Aten - Overview

Overview

The Aten, the sun-disk, is first referred to as a deity in The Story of Sinuhe from the 12th dynasty, in which the deceased king is described as rising as god to the heavens and uniting with the sun-disk, the divine body merging with its maker. By analogy, the term "silver aten" was sometimes used to refer to the moon. The solar Aten was extensively worshipped as a god in the reign of Amenhotep III, when it was depicted as a falcon-headed man much like Ra.
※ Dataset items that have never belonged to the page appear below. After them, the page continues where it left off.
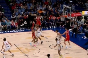 神来之笔!费尔斯运球对抗后脱手 随手一撩球直接掉进篮筐
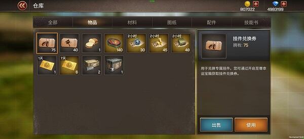 物品:主要用来存放乘员经验道具、战斗奖励加成道具、改名卡道具、活动物品、VIP卡、赛季积分卡、材料箱、配件箱、图纸箱、兑换券。
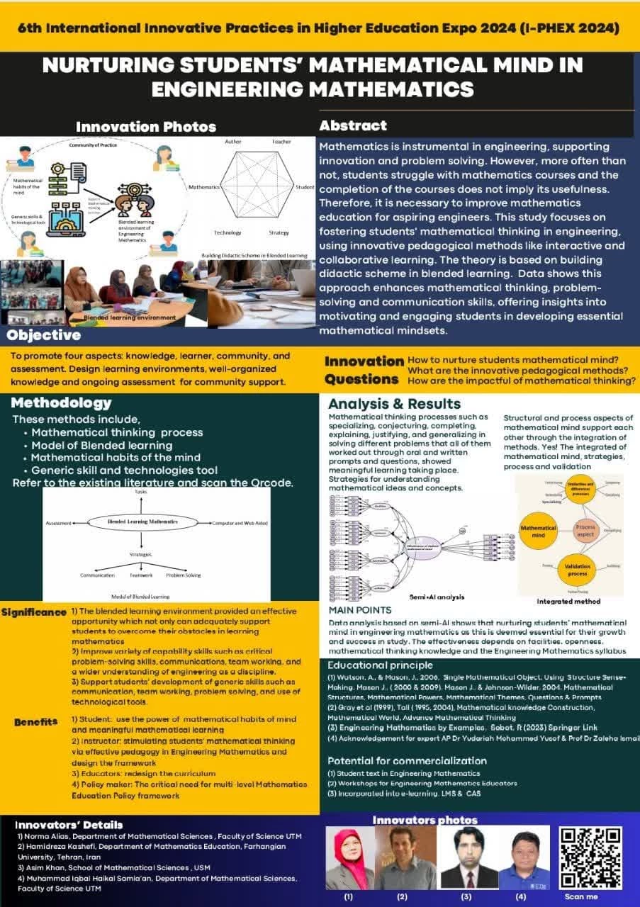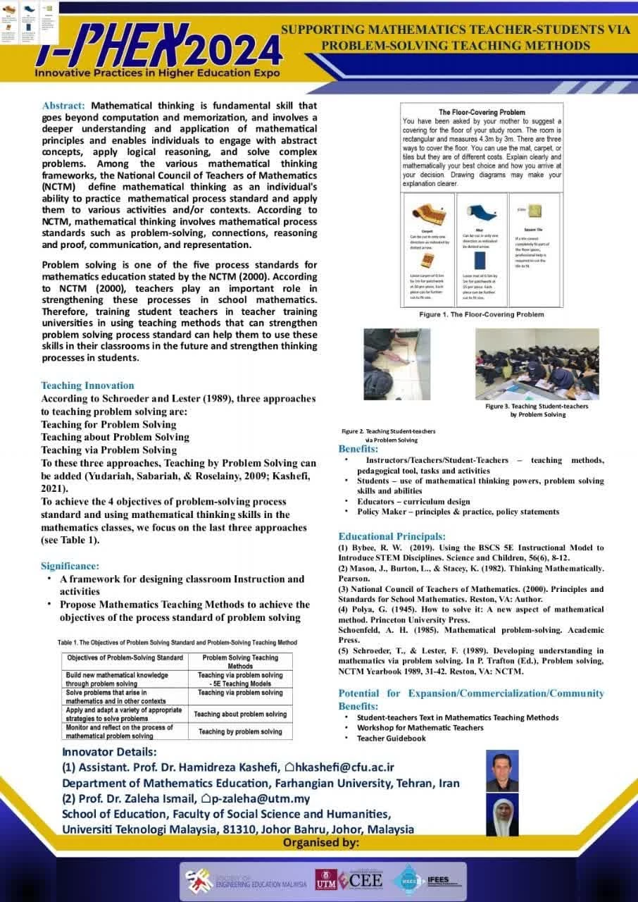 این موفقیت در جریان ششمین نمایشگاه بینالمللی شیوههای نوآورانه در آموزش عالی به دست آمد؛ رویدادی که توسط انجمن آموزش مهندسی دانشگاه علم و صنعت مالزی و با حضور اساتید برجسته و نامآور از سراسر جهان در شهر کوالالامپور برگزار شد. این نمایشگاه، محلی برای تبادل دانش و نوآوریهای آموزشی در سطح بینالمللی است که به شکلی گسترده به مباحث آموزشی نوین در آموزش عالی میپردازد.
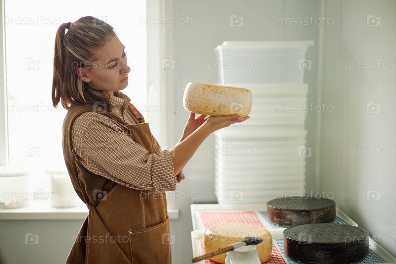 Молодая женщина инспектирует колесо сыра в мастерской ремесленников по производству молока

In the reign of Amenhotep III's successor, Amenhotep IV, the Aten became the central god of Egyptian state religion, and Amenhotep IV changed his name to Akhenaten to reflect his close link with the new supreme deity.

The full title of Akhenaten's god was "The Ra-Horus who rejoices in the horizon, in his/her Name of the Light which is seen in the sun disc." (This is the title of the god as it appears on the numerous stelae which were placed to mark the boundaries of Akhenaten's new capital at Akhetaten, modern Amarna.) This lengthy name was often shortened to Ra-Horus-Aten or just Aten in many texts, but the god of Akhenaten raised to supremacy is considered a synthesis of very ancient gods viewed in a new and different way. The god is also considered to be both masculine and feminine simultaneously. All creation was thought to emanate from the god and to exist within the god. In particular, the god was not depicted in anthropomorphic (human) form, but as rays of light extending from the sun's disk.

Furthermore, the god's name came to be written within a cartouche, along with the titles normally given to a Pharaoh, another break with ancient tradition. Ra-Horus, more usually referred to as Ra-Horakhty (Ra, who is Horus of the two horizons), is a synthesis of two other gods, both of which are attested from very early on. During the Amarna period, this synthesis was seen as the invisible source of energy of the sun god, of which the visible manifestation was the Aten, the solar disk. Thus Ra-Horus-Aten was a development of old ideas which came gradually. The real change, as some see it, was the apparent abandonment of all other gods, especially Amun, and the debatable introduction of monotheism by Akhenaten. The syncretism is readily apparent in the Great Hymn to the Aten in which Re-Herakhty, Shu and Aten are merged into the creator god. Others see Akhenaten as a practitioner of an Aten monolatry, as he did not actively deny the existence of other gods; he simply refrained from worshipping any but the Aten.